*DATASET EXCERPT:*
☆ ☆ ☆ ☆
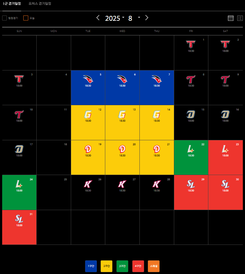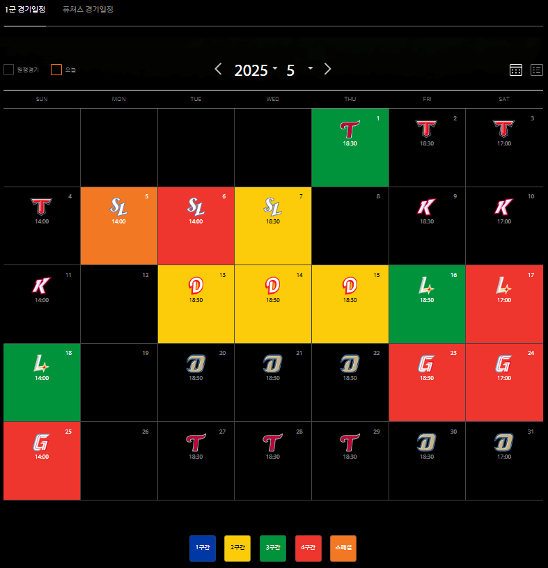 일정표의 색은 1구간 ~ 4구간, 스페셜 구간을 뜻하며 이에 따라 티켓의 가격이 달라집니다. 숙박 예약할 때 성수기 요금이 비싼 것과 비슷하다고 생각하시면 됩니다. 아래 일정표를 누르면 일자별 상대팀과 경기시간을 크게 보실 수 있습니다.
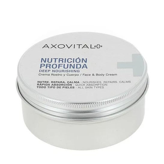 Axovital Creme Nutritivo Profundo Rosto e Corpo é um creme hidratante 2 em 1 que nutre, repara e acalma a pele do rosto e do corpo. A sua fórmula contém Manteiga de Karité 100% natural e pura, rica em vitaminas a, d, e e f, bem como glicerina que favorece a retenção de água na camada córnea e previne a desidratação. Este creme nutre durante 24 horas, regenera as zonas mais secas do corpo e previne o aparecimento de sinais de envelhecimento. A sua textura rica é rapidamente absorvida, proporcionando um conforto imediato à pele. Além disso, reforça a epiderme e deixa a pele suave e protegida. Ideal para manter a pele hidratada e cuidada.
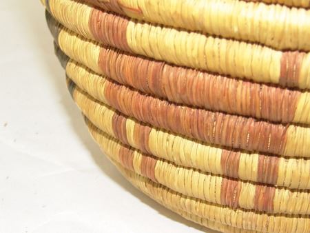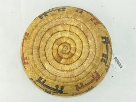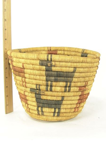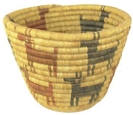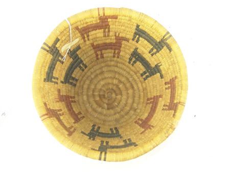 Early/Mid 1900s, Beautiful coiled weave 2nd Mesa bowl covered with pairs of animal figures (dogs/horses/deer?). Good condition with a few missing/damaged rim stitches. 7" x 9-1/2" dia.
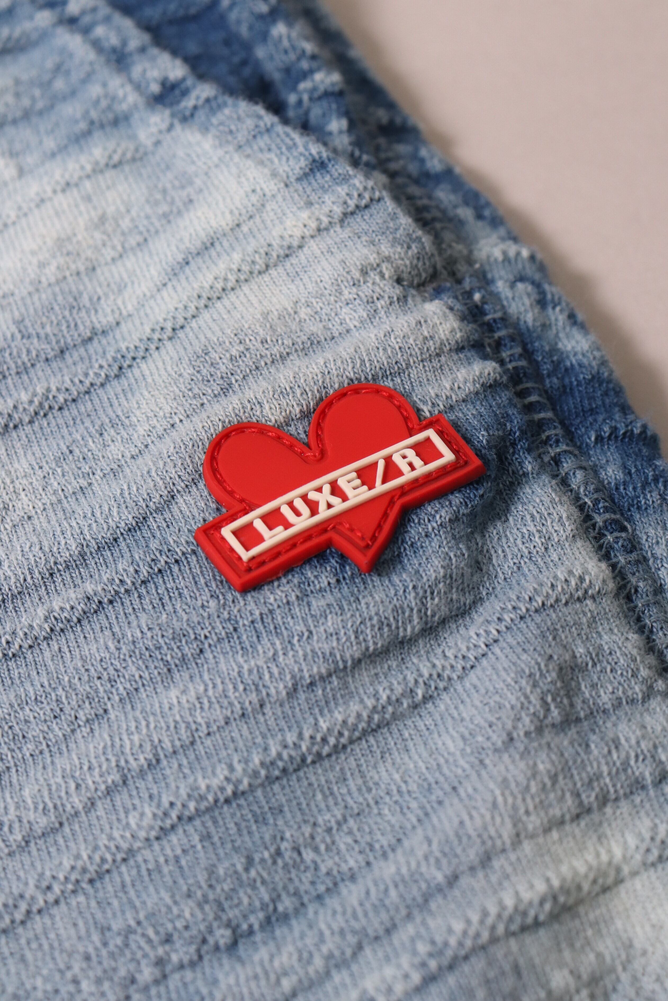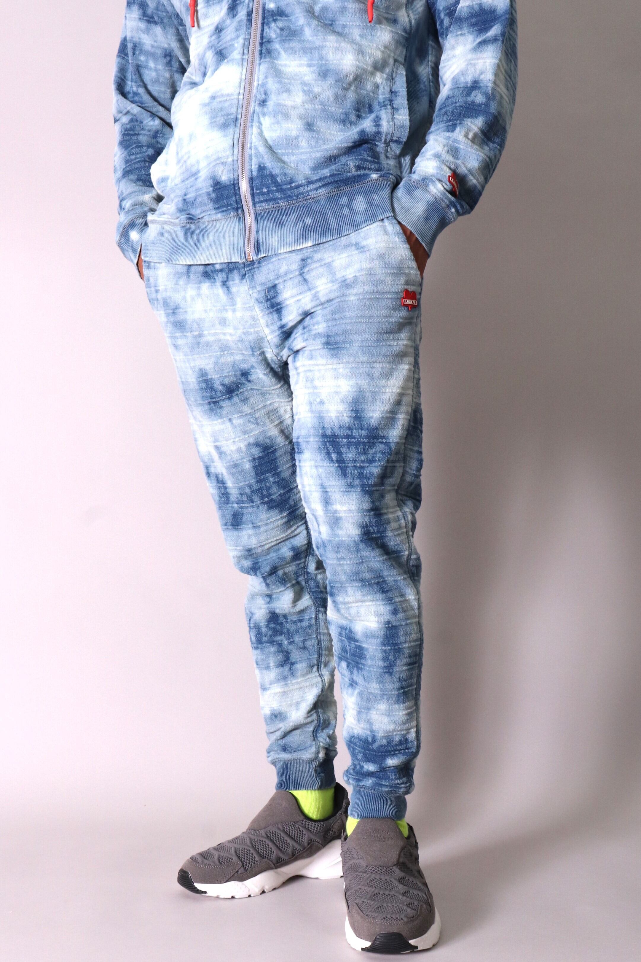 【LUXE/R(45500)インディゴジャガード編み裏毛ロングパンツ
☆ ☆ ☆ ☆
*WORK INSTRUCTIONS:* Copy out the data exactly and keep the pictures out.

*SOLUTION:*
 일정표의 색은 1구간 ~ 4구간, 스페셜 구간을 뜻하며 이에 따라 티켓의 가격이 달라집니다. 숙박 예약할 때 성수기 요금이 비싼 것과 비슷하다고 생각하시면 됩니다. 아래 일정표를 누르면 일자별 상대팀과 경기시간을 크게 보실 수 있습니다.
 Axovital Creme Nutritivo Profundo Rosto e Corpo é um creme hidratante 2 em 1 que nutre, repara e acalma a pele do rosto e do corpo. A sua fórmula contém Manteiga de Karité 100% natural e pura, rica em vitaminas a, d, e e f, bem como glicerina que favorece a retenção de água na camada córnea e previne a desidratação. Este creme nutre durante 24 horas, regenera as zonas mais secas do corpo e previne o aparecimento de sinais de envelhecimento. A sua textura rica é rapidamente absorvida, proporcionando um conforto imediato à pele. Além disso, reforça a epiderme e deixa a pele suave e protegida. Ideal para manter a pele hidratada e cuidada.
 Early/Mid 1900s, Beautiful coiled weave 2nd Mesa bowl covered with pairs of animal figures (dogs/horses/deer?). Good condition with a few missing/damaged rim stitches. 7" x 9-1/2" dia.
 【LUXE/R(45500)インディゴジャガード編み裏毛ロングパンツ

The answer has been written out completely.